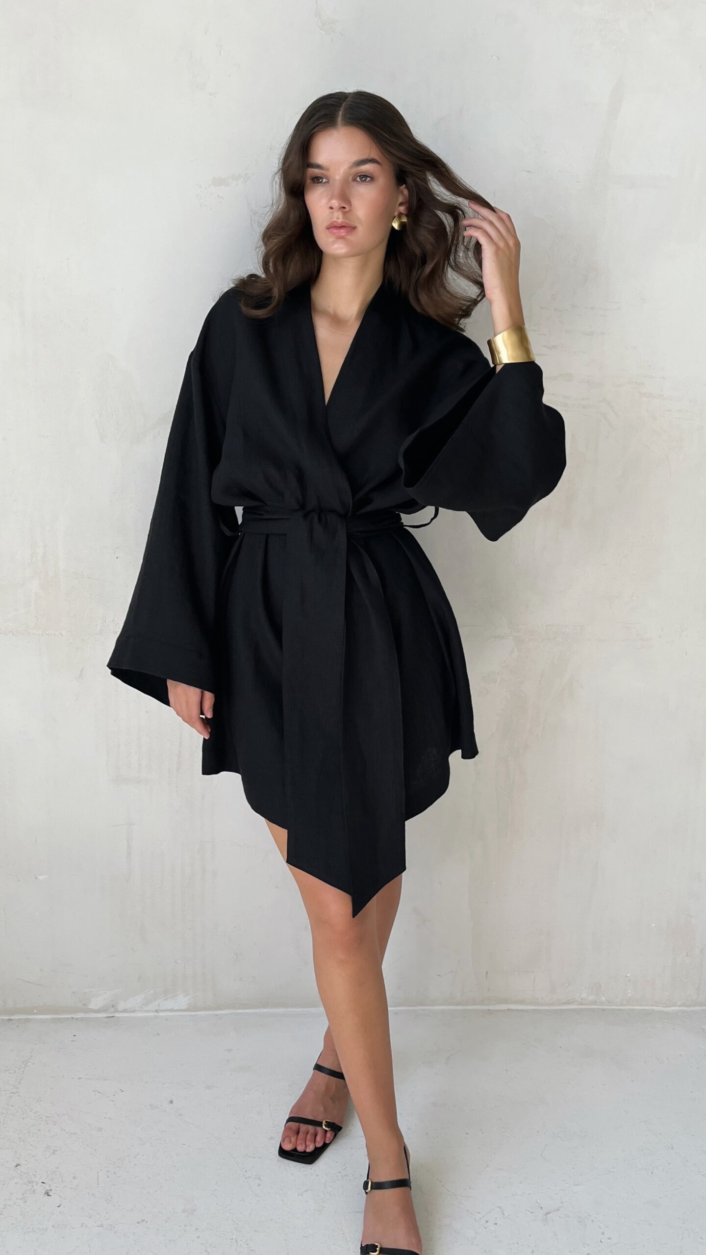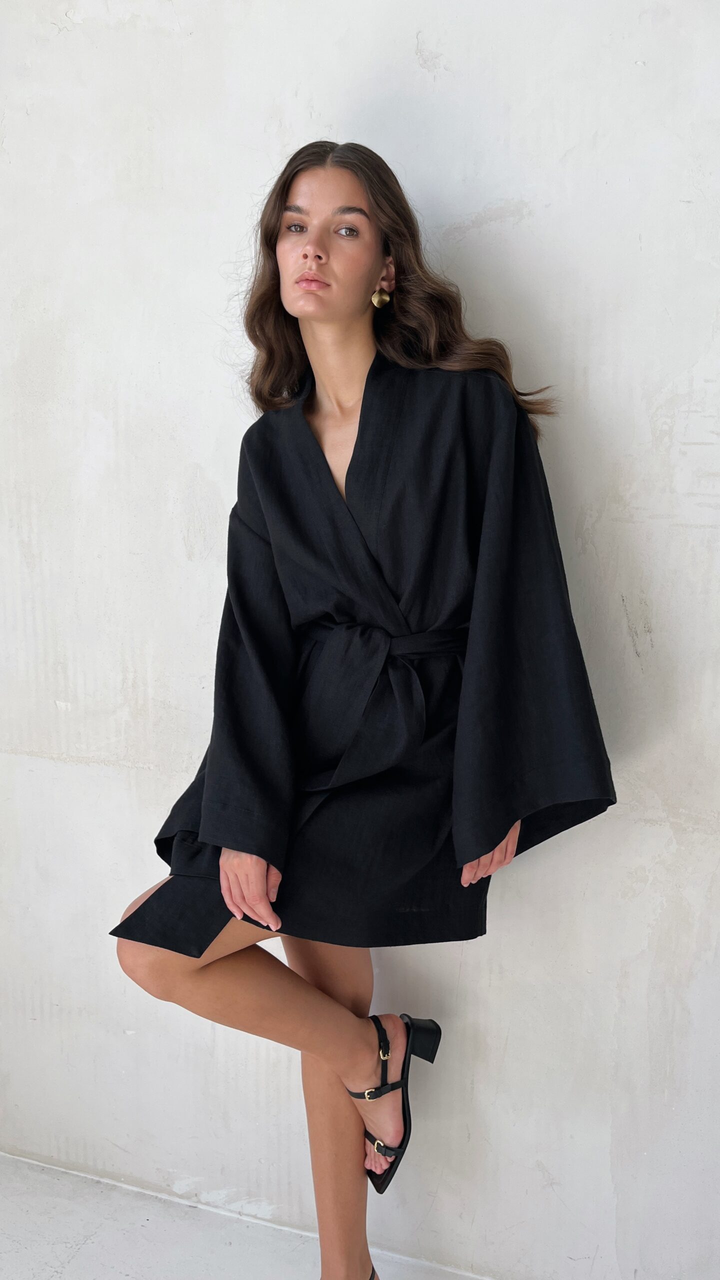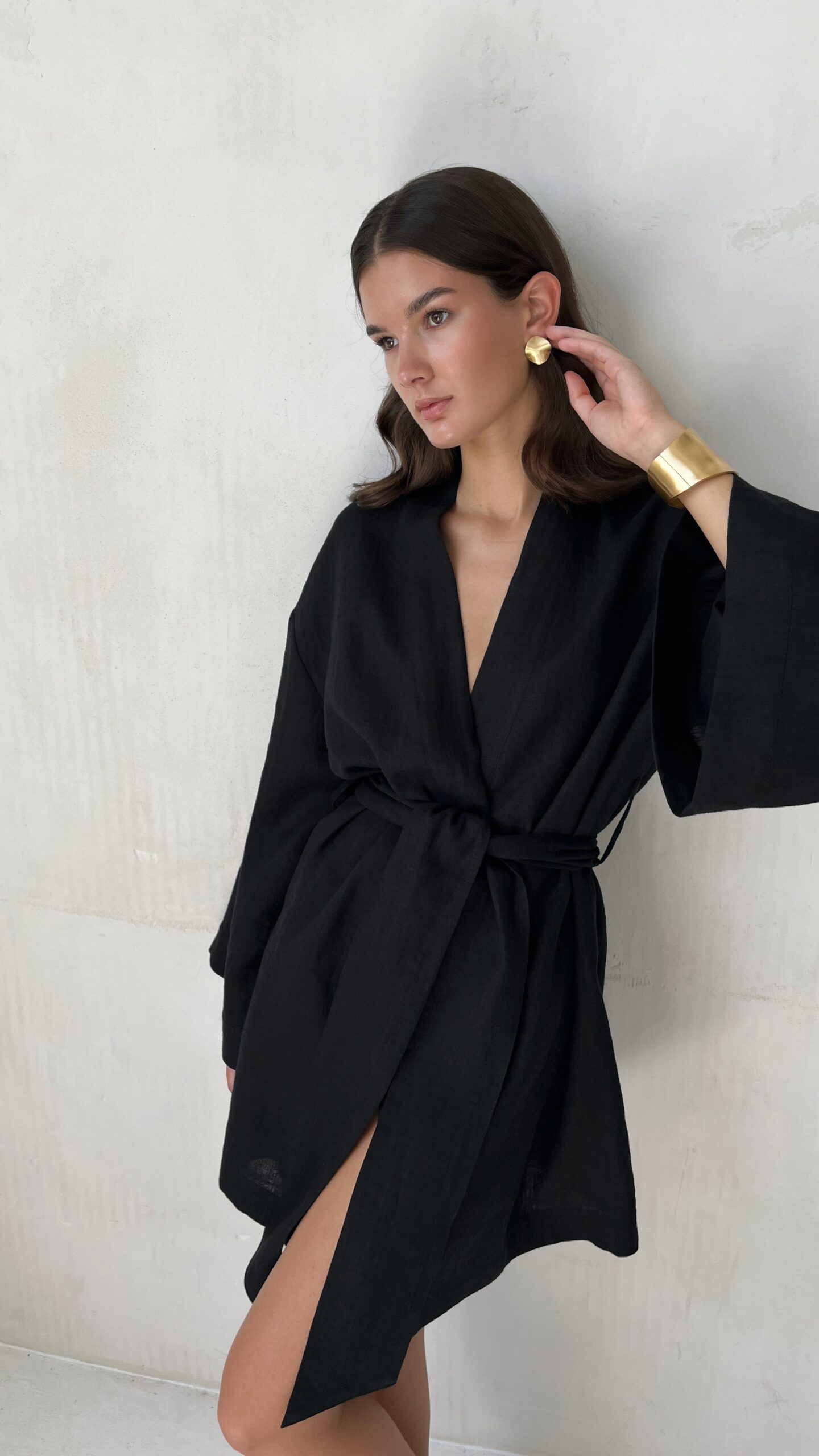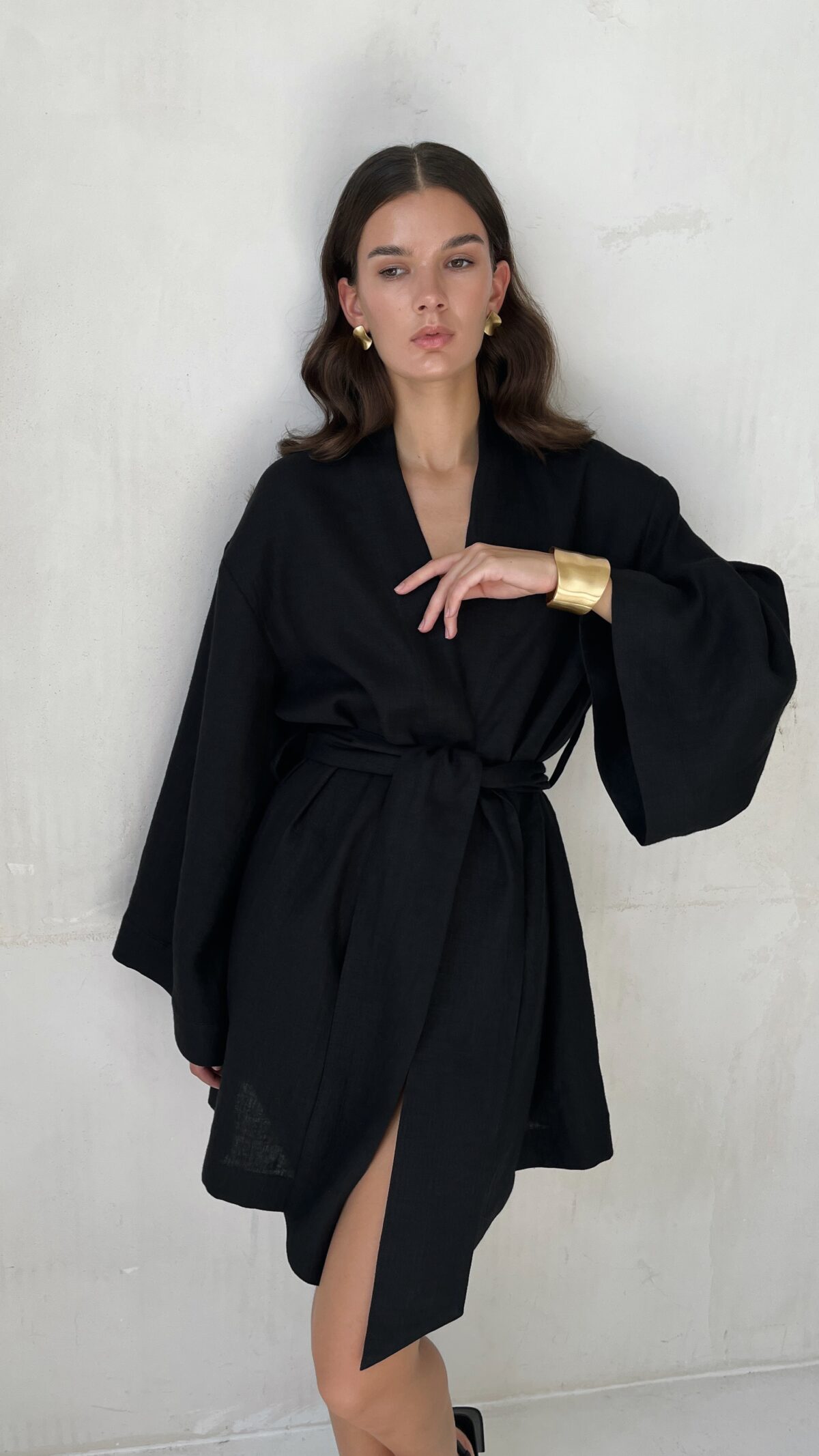 Кимоно свободного кроя с отдельным широким поясом в комплекте. Спущенная линия плеча и расклешенный рукав с ассиметричным краем. Изготовлено из костюмного, умягченного льна с crush эффектом. Кимоно можно носить самостоятельно, как платье, или как жакет в дополнение к другой одежде. Лаконичный крой позволяет носить его как в городских образах, на вечернюю прогулку, так и на отдыхе, а также дома, как красивый халат.
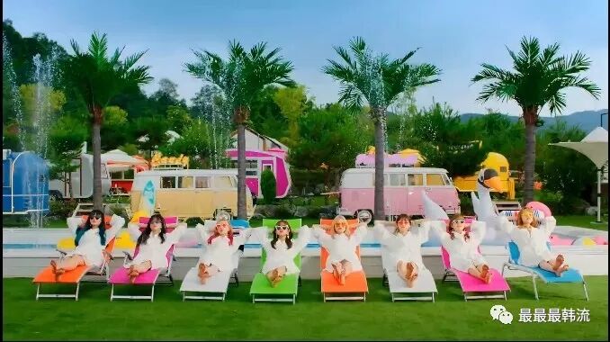 场景一转换,就是八位妹妹坐在沙滩椅上晒日光
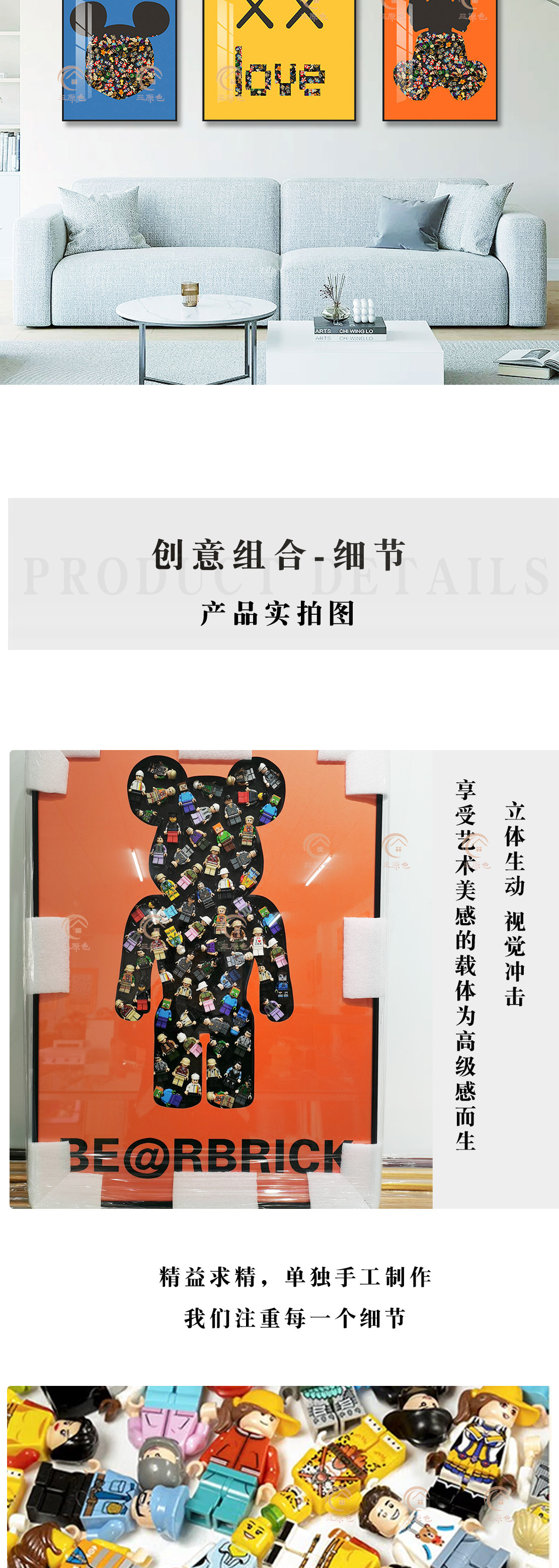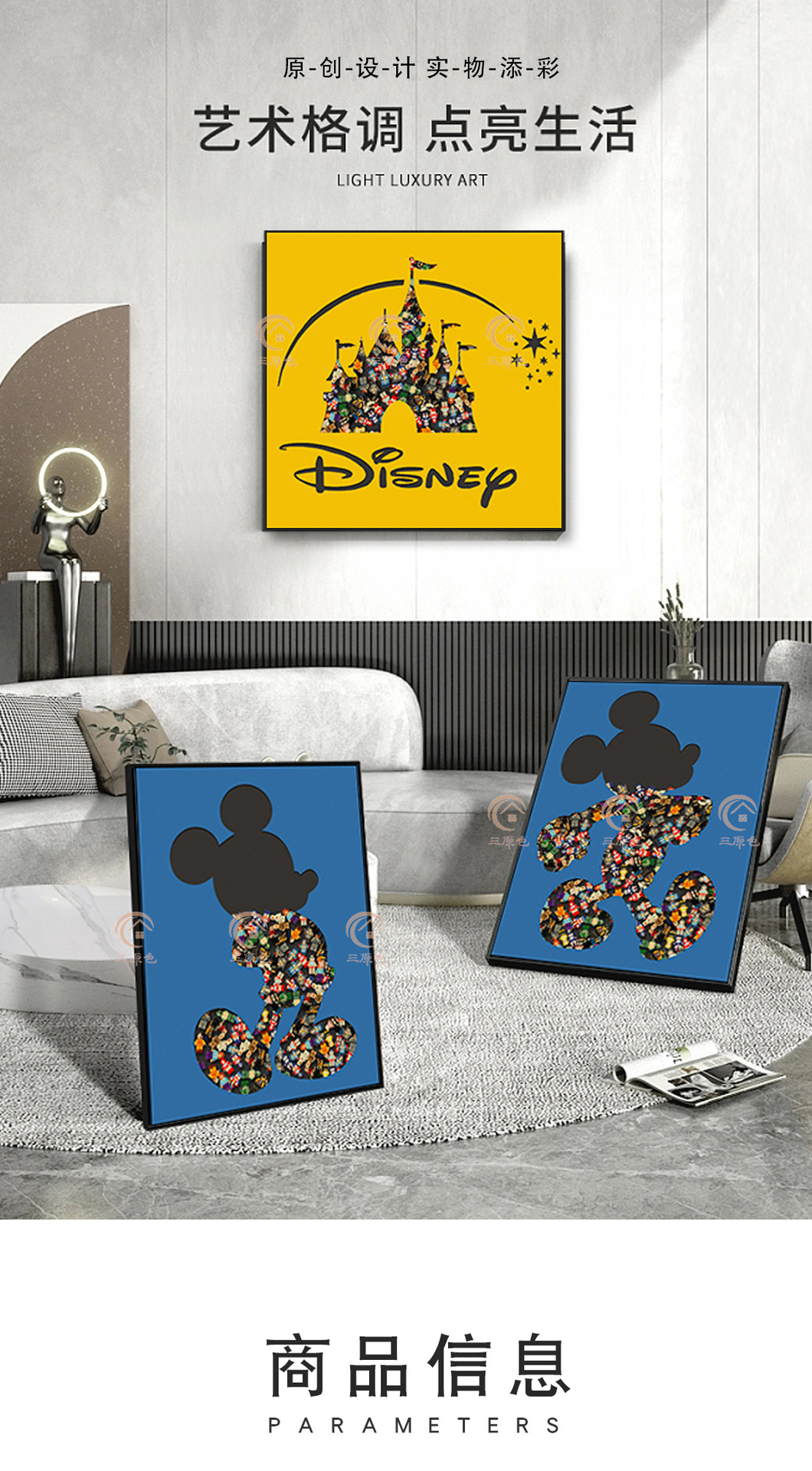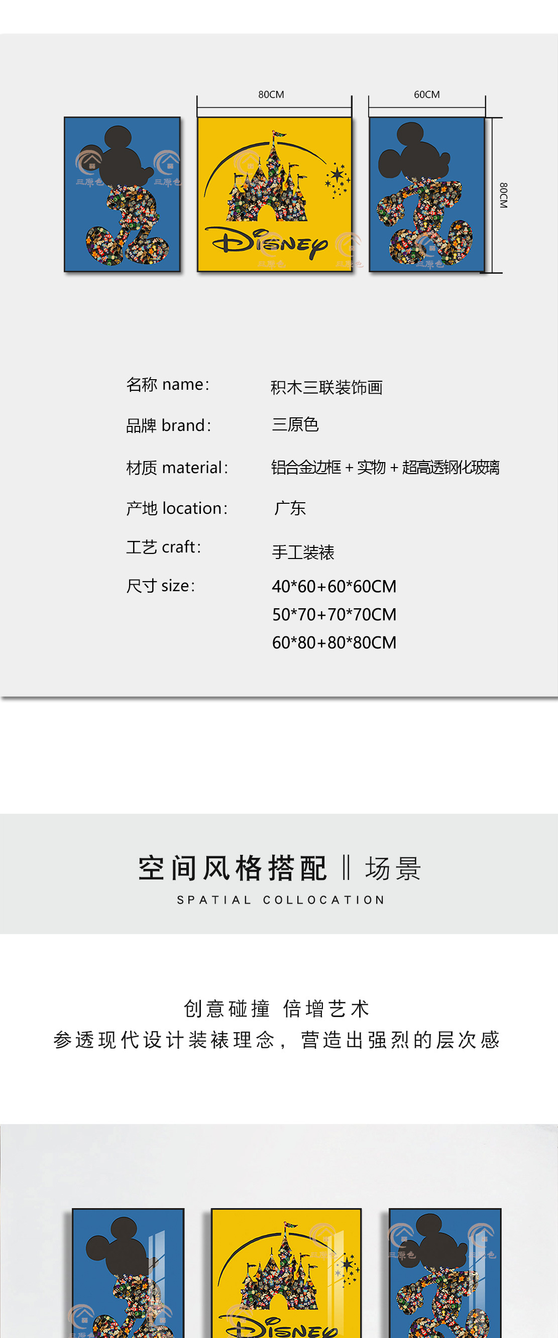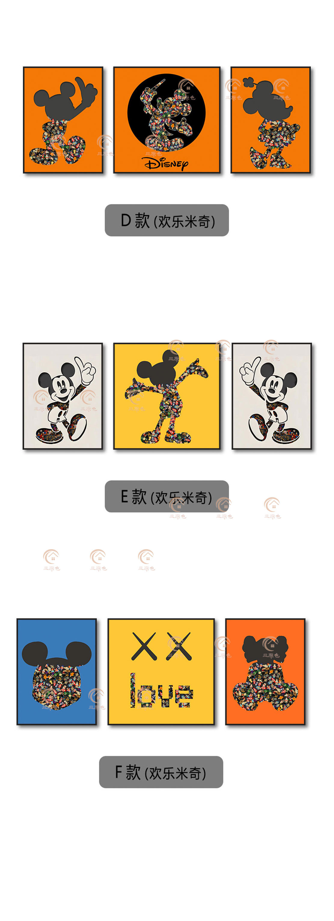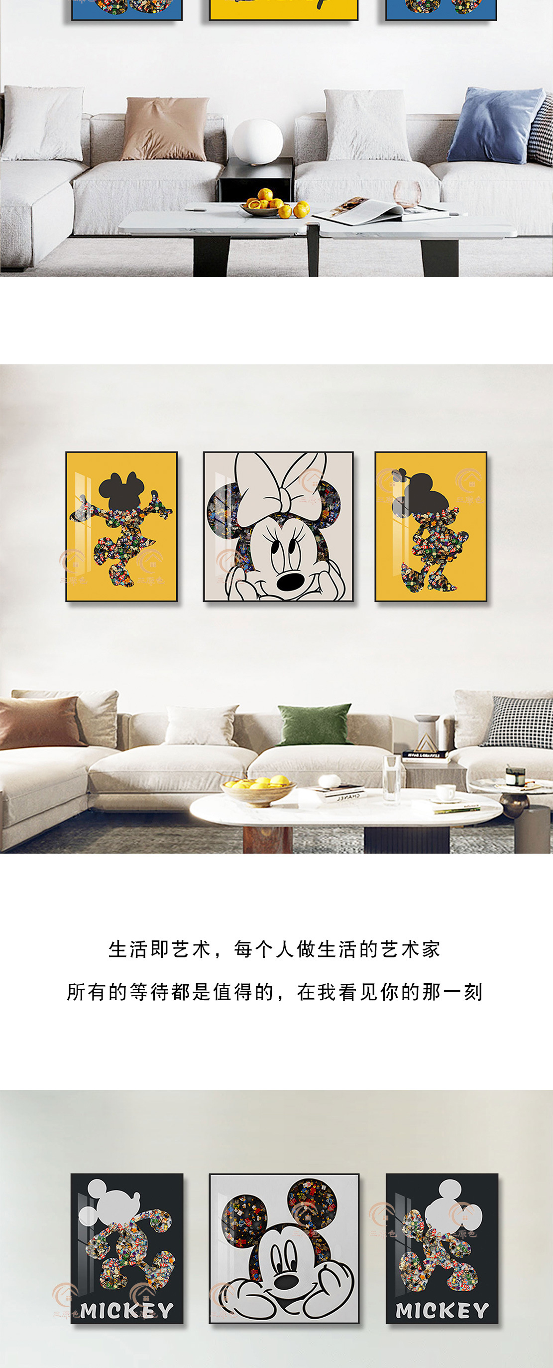 Lego ladrillo pintura sala de estar triple pintura decorativa bloques Mickey pintura física dormitorio dibujos animados de los niños Mickey Mouse colgando

------------------------------------------------

* [What is being asked] Copy the material exactly as written and leave every picture behind.

* [Answer box]
 Кимоно свободного кроя с отдельным широким поясом в комплекте. Спущенная линия плеча и расклешенный рукав с ассиметричным краем. Изготовлено из костюмного, умягченного льна с crush эффектом. Кимоно можно носить самостоятельно, как платье, или как жакет в дополнение к другой одежде. Лаконичный крой позволяет носить его как в городских образах, на вечернюю прогулку, так и на отдыхе, а также дома, как красивый халат.
 场景一转换,就是八位妹妹坐在沙滩椅上晒日光
 Lego ladrillo pintura sala de estar triple pintura decorativa bloques Mickey pintura física dormitorio dibujos animados de los niños Mickey Mouse colgando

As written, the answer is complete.